Sent from my SM-J320W8 using Tapatalk


----------



## Ibojoe (Mar 13, 2016)

The flip is a very effective snake tool. It's incredible how accurate you can be from just a couple of yards.


----------



## BushpotChef (Oct 7, 2017)

Ibojoe said:


> The flip is a very effective snake tool. It's incredible how accurate you can be from just a couple of yards.


That's cool, by flip do you mean specifically a flip style slingshot or is that just another name for the slingshot?

Sent from my SM-J320W8 using Tapatalk


----------



## Hulla Baloo (Nov 25, 2017)

BC I enjoy your videos but shouldn't you be taking it easy for awhile? Did the Doc okay this activity?

Putting any kind of strain on your diaphragm with a lung catheter installed seems unwise.


----------



## BushpotChef (Oct 7, 2017)

Mr. Nice said:


> BC I enjoy your videos but shouldn't you be taking it easy for awhile? Did the Doc okay this activity?
> 
> Putting any kind of strain on your diaphragm with a lung catheter installed seems unwise.

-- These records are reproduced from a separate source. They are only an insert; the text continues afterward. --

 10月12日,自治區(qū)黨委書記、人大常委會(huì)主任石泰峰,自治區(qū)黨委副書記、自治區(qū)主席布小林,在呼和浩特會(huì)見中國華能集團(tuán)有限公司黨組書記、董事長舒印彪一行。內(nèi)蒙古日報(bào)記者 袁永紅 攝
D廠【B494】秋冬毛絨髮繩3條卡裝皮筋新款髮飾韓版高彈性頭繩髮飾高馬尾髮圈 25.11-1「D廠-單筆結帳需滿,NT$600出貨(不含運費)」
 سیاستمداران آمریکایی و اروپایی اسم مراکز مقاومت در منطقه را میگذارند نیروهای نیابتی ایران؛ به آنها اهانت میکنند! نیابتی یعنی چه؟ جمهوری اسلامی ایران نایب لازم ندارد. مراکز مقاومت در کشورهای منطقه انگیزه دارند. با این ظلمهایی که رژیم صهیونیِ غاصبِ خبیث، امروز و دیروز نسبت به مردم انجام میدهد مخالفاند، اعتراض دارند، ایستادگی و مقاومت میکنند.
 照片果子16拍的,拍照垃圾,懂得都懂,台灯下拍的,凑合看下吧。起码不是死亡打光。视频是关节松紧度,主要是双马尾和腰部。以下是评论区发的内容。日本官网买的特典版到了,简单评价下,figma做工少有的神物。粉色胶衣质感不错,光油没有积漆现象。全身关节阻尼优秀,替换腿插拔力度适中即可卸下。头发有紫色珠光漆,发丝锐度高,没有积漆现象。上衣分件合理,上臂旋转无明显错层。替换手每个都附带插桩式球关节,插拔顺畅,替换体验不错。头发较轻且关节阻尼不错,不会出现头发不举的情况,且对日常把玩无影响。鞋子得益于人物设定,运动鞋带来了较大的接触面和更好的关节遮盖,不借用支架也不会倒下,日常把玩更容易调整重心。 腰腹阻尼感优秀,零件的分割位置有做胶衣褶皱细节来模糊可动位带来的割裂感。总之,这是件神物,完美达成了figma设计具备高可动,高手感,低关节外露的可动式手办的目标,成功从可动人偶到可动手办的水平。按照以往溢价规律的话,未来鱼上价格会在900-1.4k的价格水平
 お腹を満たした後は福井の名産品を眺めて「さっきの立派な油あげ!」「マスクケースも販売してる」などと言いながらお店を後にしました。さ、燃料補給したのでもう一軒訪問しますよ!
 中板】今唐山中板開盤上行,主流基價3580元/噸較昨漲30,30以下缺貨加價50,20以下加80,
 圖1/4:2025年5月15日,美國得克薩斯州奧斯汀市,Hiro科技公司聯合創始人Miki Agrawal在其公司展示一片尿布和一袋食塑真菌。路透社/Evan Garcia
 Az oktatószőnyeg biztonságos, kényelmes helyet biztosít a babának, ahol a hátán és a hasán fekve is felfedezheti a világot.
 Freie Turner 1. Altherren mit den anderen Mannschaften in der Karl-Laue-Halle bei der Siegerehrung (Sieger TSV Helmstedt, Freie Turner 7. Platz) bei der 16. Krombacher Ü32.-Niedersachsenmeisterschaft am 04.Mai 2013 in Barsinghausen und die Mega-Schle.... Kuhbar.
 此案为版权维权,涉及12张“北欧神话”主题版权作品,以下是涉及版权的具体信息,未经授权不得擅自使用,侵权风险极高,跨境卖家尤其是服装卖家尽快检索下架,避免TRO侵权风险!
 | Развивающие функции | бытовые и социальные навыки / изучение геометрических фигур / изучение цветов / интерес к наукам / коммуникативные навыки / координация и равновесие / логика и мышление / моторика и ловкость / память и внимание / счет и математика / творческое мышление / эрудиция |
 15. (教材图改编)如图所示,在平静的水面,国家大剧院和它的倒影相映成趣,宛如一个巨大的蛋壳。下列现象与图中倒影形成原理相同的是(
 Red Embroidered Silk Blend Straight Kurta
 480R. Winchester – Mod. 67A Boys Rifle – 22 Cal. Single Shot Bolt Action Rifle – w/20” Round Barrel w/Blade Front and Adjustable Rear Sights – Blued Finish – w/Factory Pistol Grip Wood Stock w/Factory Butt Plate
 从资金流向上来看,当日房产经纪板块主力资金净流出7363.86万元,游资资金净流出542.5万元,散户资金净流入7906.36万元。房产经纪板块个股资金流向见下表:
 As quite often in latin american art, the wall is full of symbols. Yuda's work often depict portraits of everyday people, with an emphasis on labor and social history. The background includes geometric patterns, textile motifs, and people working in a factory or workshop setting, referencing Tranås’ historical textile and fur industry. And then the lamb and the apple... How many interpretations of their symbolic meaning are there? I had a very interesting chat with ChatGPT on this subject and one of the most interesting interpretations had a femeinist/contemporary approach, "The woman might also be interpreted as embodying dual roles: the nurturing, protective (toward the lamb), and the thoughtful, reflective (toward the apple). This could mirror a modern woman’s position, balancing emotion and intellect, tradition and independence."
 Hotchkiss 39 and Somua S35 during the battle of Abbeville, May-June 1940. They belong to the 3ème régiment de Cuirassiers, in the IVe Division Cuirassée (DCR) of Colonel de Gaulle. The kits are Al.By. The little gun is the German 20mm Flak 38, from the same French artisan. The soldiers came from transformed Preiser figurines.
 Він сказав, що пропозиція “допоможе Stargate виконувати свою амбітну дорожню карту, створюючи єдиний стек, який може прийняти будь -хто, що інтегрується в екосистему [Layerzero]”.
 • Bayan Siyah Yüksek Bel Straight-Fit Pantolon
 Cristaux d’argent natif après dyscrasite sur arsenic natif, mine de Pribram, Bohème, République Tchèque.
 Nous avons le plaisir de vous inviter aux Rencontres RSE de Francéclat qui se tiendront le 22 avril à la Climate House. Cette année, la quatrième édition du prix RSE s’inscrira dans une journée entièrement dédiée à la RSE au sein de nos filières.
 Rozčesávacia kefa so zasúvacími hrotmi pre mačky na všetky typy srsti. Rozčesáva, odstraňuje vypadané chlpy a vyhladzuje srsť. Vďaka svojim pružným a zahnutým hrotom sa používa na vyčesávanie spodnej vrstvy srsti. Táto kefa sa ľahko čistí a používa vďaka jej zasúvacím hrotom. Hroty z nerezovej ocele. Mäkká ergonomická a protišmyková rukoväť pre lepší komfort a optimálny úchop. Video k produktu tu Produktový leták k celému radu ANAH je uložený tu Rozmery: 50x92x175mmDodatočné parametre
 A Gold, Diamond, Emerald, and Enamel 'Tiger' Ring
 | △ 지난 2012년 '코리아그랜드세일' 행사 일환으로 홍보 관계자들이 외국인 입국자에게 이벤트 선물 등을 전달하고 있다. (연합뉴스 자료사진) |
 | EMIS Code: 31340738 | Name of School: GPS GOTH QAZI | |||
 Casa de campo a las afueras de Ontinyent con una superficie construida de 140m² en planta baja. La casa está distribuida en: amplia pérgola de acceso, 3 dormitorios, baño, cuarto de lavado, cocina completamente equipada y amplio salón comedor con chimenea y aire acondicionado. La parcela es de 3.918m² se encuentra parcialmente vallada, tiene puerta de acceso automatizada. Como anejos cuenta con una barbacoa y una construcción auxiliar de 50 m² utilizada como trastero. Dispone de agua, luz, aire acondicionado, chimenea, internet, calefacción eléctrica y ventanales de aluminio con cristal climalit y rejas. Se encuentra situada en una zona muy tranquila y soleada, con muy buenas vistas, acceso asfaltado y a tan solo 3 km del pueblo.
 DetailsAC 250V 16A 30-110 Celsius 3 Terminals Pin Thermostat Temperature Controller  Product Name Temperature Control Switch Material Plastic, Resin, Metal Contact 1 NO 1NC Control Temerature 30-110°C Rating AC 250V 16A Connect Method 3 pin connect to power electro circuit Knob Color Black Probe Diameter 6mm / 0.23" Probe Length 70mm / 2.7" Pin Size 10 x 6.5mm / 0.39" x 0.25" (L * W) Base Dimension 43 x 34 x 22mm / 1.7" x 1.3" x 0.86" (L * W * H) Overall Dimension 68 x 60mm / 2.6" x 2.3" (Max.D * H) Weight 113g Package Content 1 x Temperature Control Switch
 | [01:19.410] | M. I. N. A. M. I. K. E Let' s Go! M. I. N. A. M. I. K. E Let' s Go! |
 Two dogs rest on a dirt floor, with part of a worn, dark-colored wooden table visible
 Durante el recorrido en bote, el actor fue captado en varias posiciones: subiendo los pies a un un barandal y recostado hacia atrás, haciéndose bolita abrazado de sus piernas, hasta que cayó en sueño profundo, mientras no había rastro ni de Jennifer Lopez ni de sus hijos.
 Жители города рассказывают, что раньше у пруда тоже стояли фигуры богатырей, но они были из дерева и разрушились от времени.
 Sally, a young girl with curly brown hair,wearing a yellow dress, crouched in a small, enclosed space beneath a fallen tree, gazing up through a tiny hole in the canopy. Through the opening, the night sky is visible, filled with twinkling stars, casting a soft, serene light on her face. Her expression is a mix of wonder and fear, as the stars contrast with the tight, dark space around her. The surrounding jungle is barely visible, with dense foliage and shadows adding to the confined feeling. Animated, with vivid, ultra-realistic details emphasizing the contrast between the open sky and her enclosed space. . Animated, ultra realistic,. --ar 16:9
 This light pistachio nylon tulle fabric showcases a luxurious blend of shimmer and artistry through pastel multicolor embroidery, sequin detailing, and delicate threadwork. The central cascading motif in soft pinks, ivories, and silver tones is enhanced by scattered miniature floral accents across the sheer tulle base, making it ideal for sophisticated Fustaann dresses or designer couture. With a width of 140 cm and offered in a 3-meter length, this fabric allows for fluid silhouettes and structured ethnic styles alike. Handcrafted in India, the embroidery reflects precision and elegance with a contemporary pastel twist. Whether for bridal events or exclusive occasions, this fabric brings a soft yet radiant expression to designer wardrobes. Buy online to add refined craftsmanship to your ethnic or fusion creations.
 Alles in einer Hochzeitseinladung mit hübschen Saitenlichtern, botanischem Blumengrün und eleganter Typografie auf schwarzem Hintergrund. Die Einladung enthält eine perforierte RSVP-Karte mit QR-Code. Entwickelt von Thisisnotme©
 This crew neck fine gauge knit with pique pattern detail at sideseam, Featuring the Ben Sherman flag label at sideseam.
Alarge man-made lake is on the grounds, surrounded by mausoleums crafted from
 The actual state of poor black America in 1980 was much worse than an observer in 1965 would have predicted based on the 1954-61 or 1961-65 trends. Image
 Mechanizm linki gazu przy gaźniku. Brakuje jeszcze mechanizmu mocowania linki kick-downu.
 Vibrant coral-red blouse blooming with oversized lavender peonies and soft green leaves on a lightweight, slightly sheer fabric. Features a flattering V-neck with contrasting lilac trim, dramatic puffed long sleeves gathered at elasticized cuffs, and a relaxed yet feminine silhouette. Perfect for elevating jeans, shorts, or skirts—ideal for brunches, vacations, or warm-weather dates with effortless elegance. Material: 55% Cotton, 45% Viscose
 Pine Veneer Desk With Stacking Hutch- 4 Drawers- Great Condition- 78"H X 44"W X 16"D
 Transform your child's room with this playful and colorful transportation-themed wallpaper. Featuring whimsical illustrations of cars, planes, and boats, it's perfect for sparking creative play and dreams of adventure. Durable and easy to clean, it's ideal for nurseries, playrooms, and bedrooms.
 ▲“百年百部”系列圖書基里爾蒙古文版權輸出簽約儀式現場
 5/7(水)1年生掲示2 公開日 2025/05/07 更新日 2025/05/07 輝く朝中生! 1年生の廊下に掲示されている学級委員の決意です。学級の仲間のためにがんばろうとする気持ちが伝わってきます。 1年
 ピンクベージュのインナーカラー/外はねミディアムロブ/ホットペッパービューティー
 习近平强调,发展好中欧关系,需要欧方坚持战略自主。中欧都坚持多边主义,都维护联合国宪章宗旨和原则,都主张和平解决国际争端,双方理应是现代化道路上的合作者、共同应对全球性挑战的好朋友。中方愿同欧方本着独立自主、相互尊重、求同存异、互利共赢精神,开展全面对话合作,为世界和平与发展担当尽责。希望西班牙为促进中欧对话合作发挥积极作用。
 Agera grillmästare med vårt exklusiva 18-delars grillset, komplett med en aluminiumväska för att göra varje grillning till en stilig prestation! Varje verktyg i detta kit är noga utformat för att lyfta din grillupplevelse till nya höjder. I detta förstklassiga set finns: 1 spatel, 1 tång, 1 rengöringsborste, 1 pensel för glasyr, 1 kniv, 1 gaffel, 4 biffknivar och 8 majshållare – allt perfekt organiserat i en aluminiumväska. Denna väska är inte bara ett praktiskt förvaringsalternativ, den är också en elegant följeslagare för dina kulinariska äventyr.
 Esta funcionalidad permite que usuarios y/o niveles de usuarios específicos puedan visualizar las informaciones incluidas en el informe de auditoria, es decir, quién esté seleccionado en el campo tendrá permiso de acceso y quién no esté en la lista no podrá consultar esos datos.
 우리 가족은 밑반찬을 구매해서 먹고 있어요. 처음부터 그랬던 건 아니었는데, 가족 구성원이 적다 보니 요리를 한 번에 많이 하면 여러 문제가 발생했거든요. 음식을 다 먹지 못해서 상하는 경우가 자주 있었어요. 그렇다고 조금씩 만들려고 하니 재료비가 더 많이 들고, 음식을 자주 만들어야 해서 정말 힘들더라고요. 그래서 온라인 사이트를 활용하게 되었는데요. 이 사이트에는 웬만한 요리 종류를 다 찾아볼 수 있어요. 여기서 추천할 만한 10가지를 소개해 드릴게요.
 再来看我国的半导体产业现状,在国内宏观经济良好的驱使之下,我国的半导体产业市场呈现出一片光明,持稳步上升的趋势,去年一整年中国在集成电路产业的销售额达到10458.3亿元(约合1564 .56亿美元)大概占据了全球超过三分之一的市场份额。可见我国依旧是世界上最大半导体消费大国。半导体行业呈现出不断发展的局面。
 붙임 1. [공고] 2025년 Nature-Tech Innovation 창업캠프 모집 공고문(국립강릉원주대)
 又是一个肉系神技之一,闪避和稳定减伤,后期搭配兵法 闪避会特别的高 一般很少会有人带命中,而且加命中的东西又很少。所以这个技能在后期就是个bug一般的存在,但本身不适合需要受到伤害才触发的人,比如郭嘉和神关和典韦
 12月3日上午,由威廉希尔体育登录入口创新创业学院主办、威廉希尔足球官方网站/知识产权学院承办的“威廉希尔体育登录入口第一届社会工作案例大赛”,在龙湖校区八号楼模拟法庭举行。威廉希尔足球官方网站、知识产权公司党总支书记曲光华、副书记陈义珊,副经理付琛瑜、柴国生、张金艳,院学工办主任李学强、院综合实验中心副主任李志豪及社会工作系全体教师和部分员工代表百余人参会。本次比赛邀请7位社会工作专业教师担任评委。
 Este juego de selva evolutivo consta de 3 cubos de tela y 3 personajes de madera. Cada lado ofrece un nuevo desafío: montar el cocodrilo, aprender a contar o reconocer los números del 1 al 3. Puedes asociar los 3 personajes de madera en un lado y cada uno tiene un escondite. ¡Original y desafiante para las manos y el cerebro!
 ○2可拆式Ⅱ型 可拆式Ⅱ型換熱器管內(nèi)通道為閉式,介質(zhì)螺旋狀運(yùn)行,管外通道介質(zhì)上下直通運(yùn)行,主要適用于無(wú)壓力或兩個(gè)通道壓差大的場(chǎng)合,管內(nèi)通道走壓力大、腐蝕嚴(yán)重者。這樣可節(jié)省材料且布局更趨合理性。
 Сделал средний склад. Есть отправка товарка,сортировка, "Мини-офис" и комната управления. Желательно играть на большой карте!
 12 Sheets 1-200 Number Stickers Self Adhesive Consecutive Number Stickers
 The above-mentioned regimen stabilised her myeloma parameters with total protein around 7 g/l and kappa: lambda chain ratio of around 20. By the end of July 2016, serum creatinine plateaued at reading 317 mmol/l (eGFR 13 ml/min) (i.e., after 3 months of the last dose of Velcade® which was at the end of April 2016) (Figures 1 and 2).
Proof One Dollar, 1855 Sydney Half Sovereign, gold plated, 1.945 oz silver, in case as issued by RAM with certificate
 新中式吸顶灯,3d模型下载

Thanks for your concern Mr.Nice, I'm actually doing no shooting at all today. That was just a few marbles to stretch out my ribs and shoulder. I didn't specifically ask the doc about this, but I am keeping it really light. Don't want to mess myself up trying to get up and running too fast Lol! 

Sent from my SM-J320W8 using Tapatalk


----------



## Jolly Roger (Aug 14, 2017)

I agree with Mr. Nice so keep track of what is going on inside your body.

Glad I sent you that Chinese Scout Slingshot. You're shooting it extremely well and can tell you enjoy shooting it.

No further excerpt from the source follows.